-- About this task --
When writing out the listing below, reproduce every word exactly and skip the pictures.

-- Task inputs --
┄┄┄┄┄┄

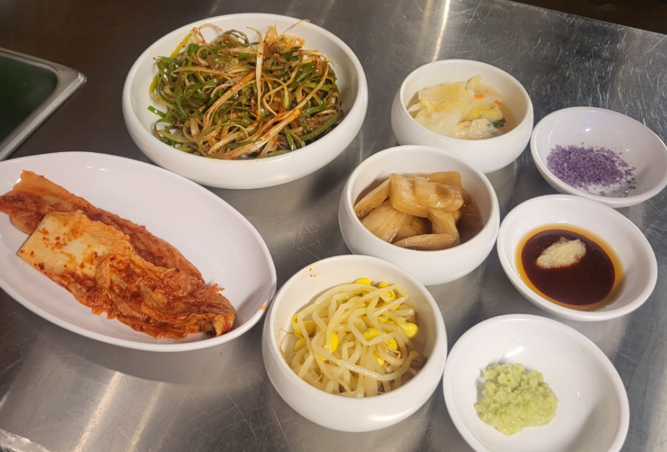 반찬은 국내산 김치와 파채, 콩나물, 백김치, 양파 그리고 소스로는 겨자소스, 양늘간장, 소금이 나옵니다.
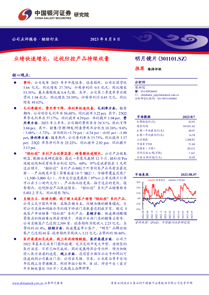 中国银河:明月镜片(301101)-业绩快速增长,近视防控产品持续放量.pdf
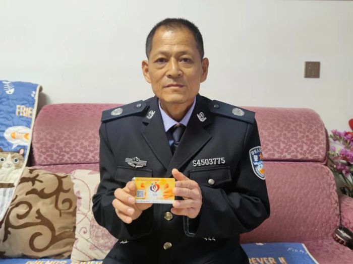 周海生前展示自己的人体器官捐献志愿登记卡。 记者莫俊 摄
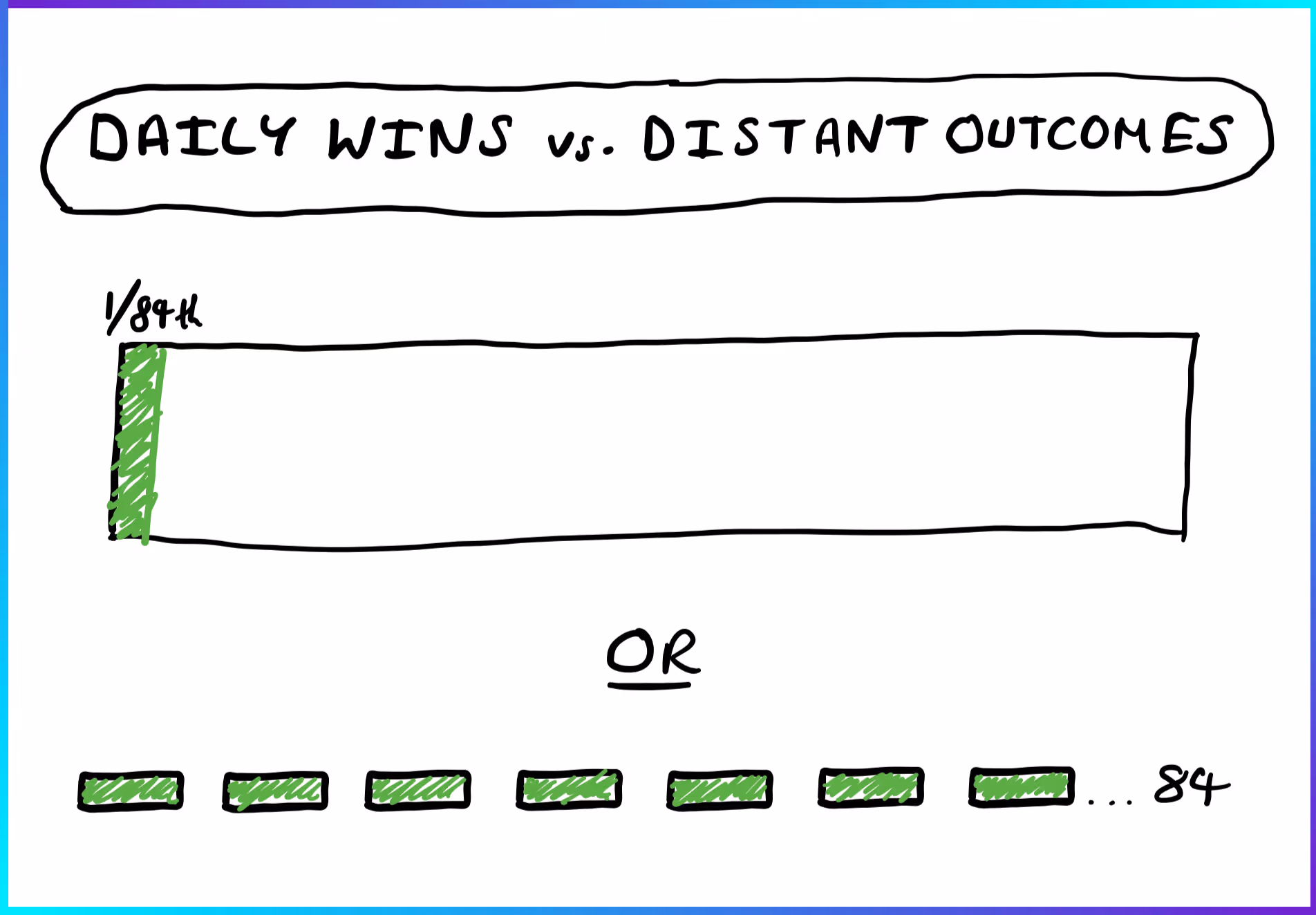 If we break down this 12-week target into 84 individual days, we can win every single day 100% and complete 84x days of progress.
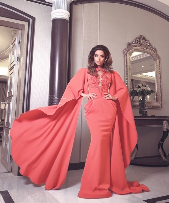 اتسمت إطلالة بلقيس فتحي بالأنثوية والرقي، حيث تميز الفستان بقصة أكمامه الطويلة على طريقة فساتين الكيب وبالتفاصيل على الصدر .
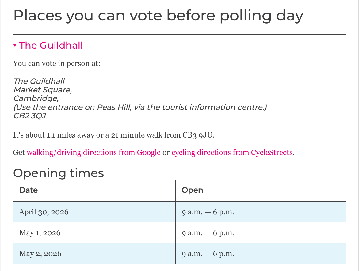 - Postal and proxy voting is still available in these areas. Apply for a postal vote by 5pm on 21 April 2026 or a proxy vote by 5pm on 28 April 2026.

┄┄┄┄┄┄

-- Output for this task --
 반찬은 국내산 김치와 파채, 콩나물, 백김치, 양파 그리고 소스로는 겨자소스, 양늘간장, 소금이 나옵니다.
 中国银河:明月镜片(301101)-业绩快速增长,近视防控产品持续放量.pdf
 周海生前展示自己的人体器官捐献志愿登记卡。 记者莫俊 摄
 If we break down this 12-week target into 84 individual days, we can win every single day 100% and complete 84x days of progress.
 اتسمت إطلالة بلقيس فتحي بالأنثوية والرقي، حيث تميز الفستان بقصة أكمامه الطويلة على طريقة فساتين الكيب وبالتفاصيل على الصدر .
 - Postal and proxy voting is still available in these areas. Apply for a postal vote by 5pm on 21 April 2026 or a proxy vote by 5pm on 28 April 2026.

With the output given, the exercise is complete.